++++ The records ++++

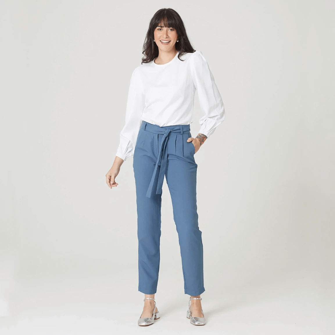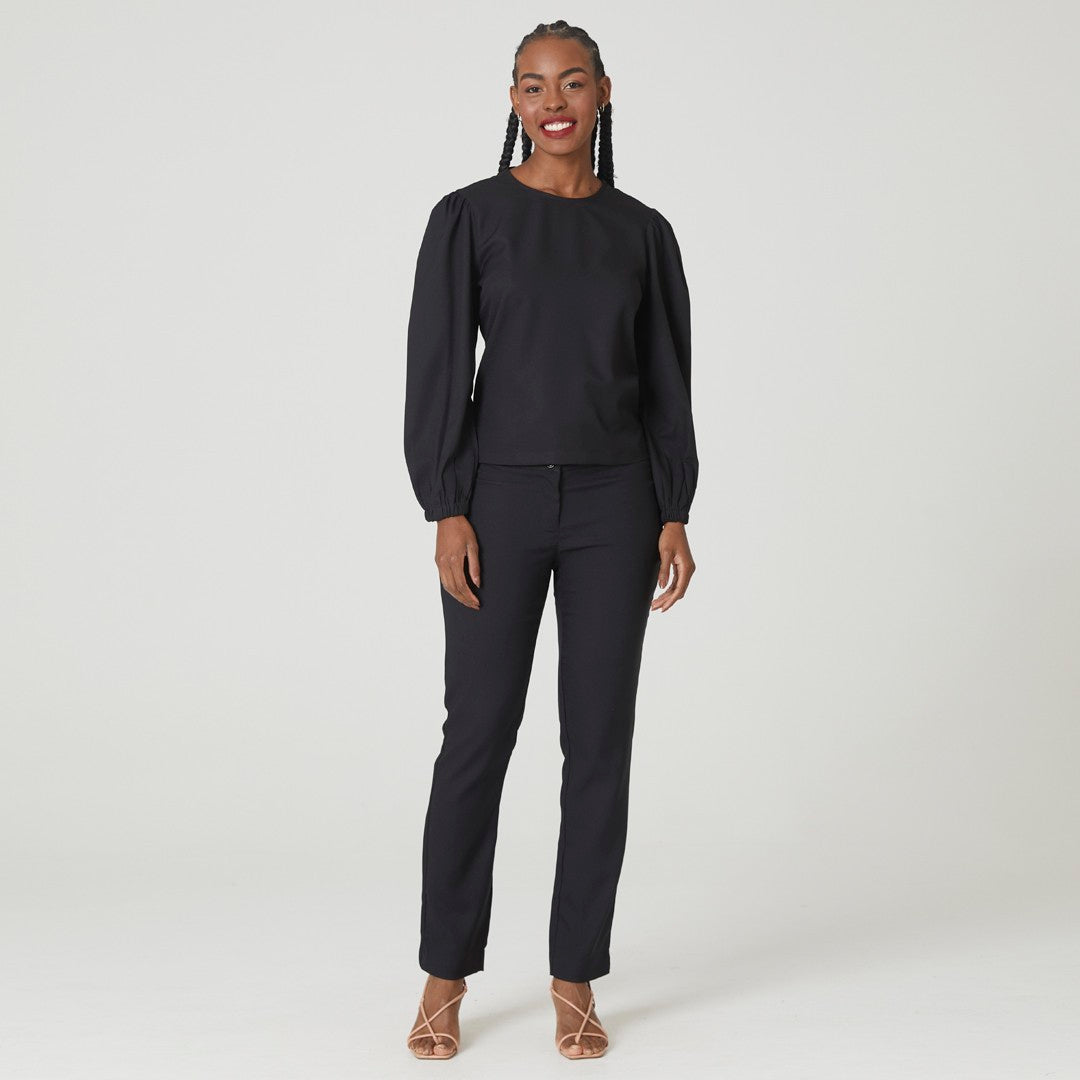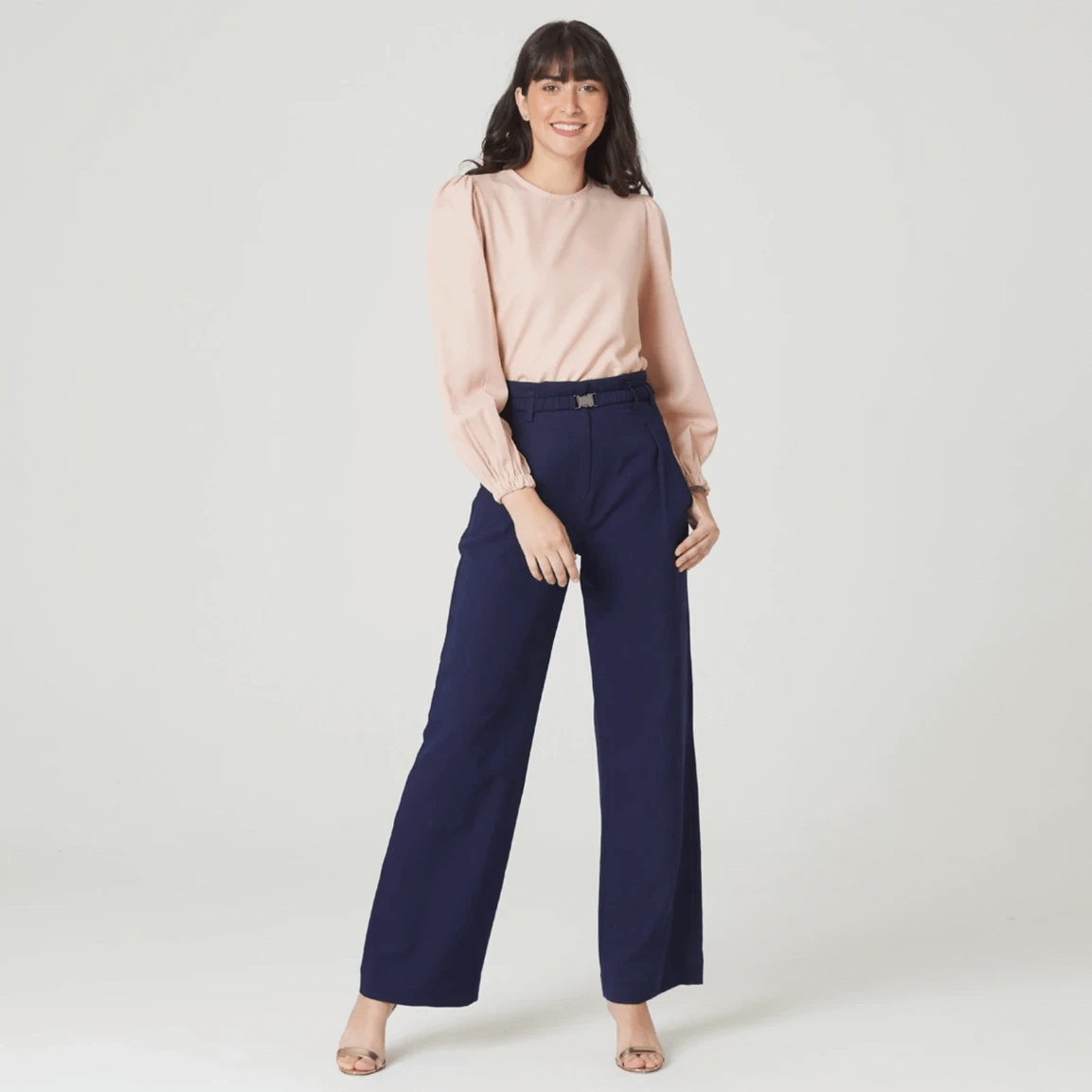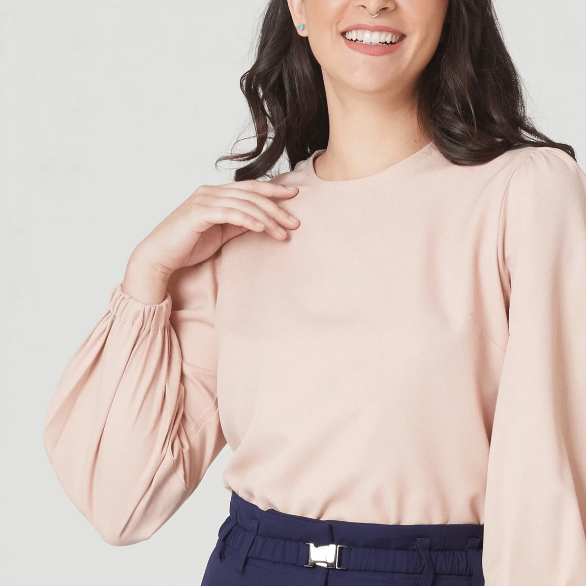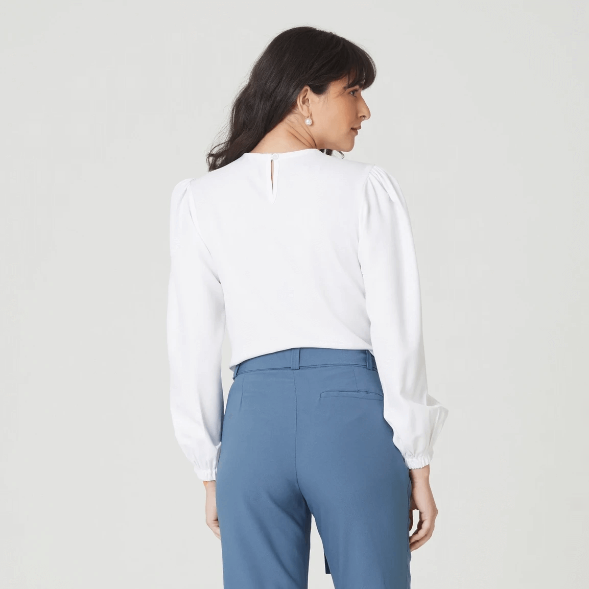 Além disso, a blusa possui detalhes franzidos levemente bufantes na manga e nos punhos, que agregam leveza e movimento à peça, sem perder a seriedade necessária para o ambiente corporativo.
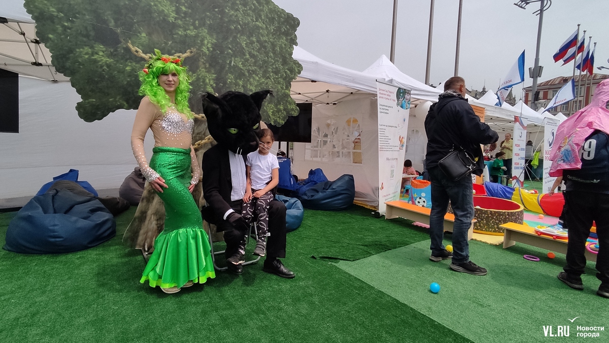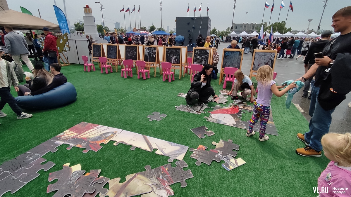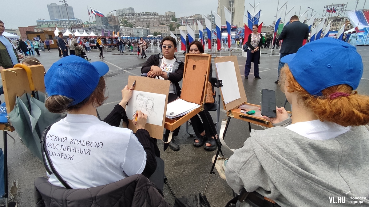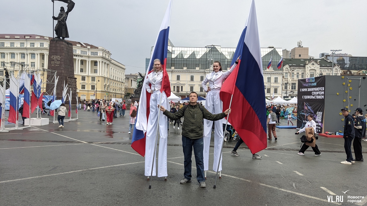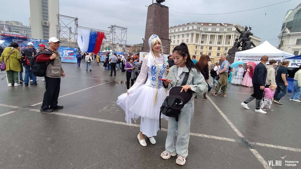 На центральной площади Владивостока проходит празднование Дня России. На сцене выступают творческие коллективы. Гостей поздравили губернатор и глава города и вручили первые паспорта группе активных школьников.
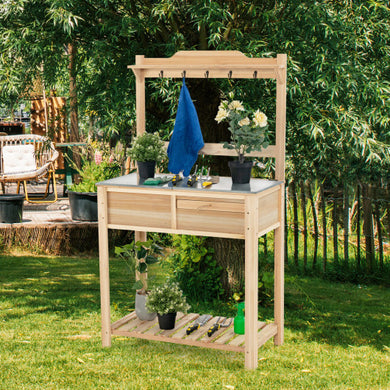 Outdoor Garden Potting Bench Table with Metal Top Open Shelf
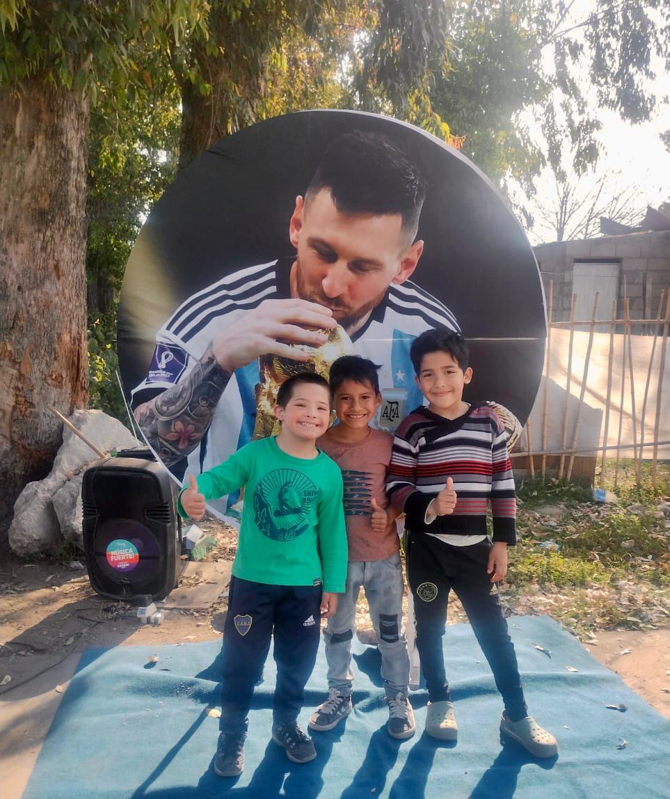 Un stand con la foto de Messi fue lo mas buscado por los chicos, nadie quería quedarse sin su recuerdo con el astro futbolístico.
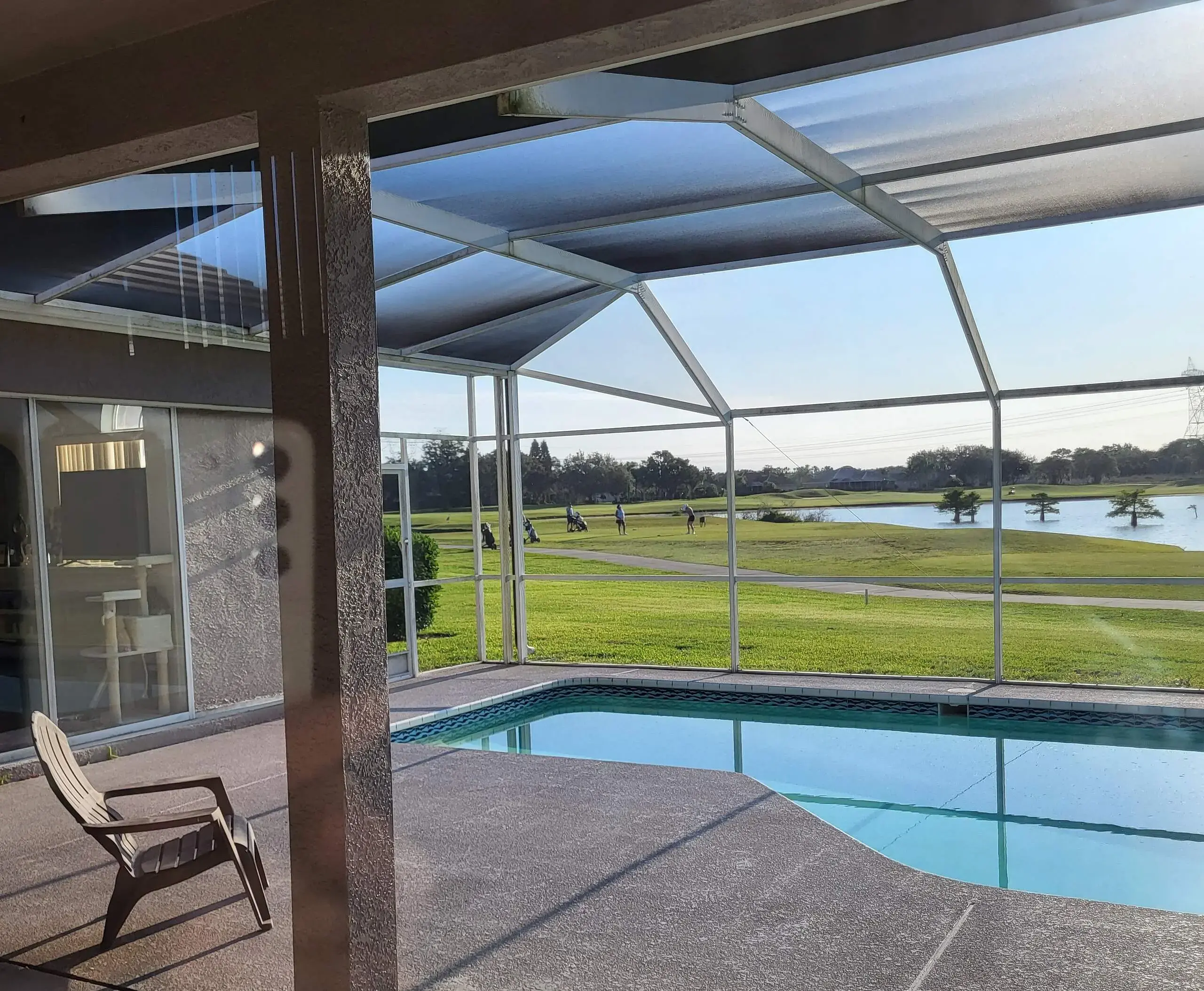 We get our fair share of balls that hit the Lanai, and land on the roof. We’ve even found balls in our front yard. In the morning, it’s fun to sit there with a cup of coffee and watch the balls splash into the lake. Lots of cursing happens on that tee box. I have even seen one guy throw his club into the lake (and I mean WAY into the lake) then realize what he did. Hilarious.

++++

Problem statement:
Without the pictures, copy out each entry exactly as it stands.

Result for this task:
 Além disso, a blusa possui detalhes franzidos levemente bufantes na manga e nos punhos, que agregam leveza e movimento à peça, sem perder a seriedade necessária para o ambiente corporativo.
 На центральной площади Владивостока проходит празднование Дня России. На сцене выступают творческие коллективы. Гостей поздравили губернатор и глава города и вручили первые паспорта группе активных школьников.
 Outdoor Garden Potting Bench Table with Metal Top Open Shelf
 Un stand con la foto de Messi fue lo mas buscado por los chicos, nadie quería quedarse sin su recuerdo con el astro futbolístico.
 We get our fair share of balls that hit the Lanai, and land on the roof. We’ve even found balls in our front yard. In the morning, it’s fun to sit there with a cup of coffee and watch the balls splash into the lake. Lots of cursing happens on that tee box. I have even seen one guy throw his club into the lake (and I mean WAY into the lake) then realize what he did. Hilarious.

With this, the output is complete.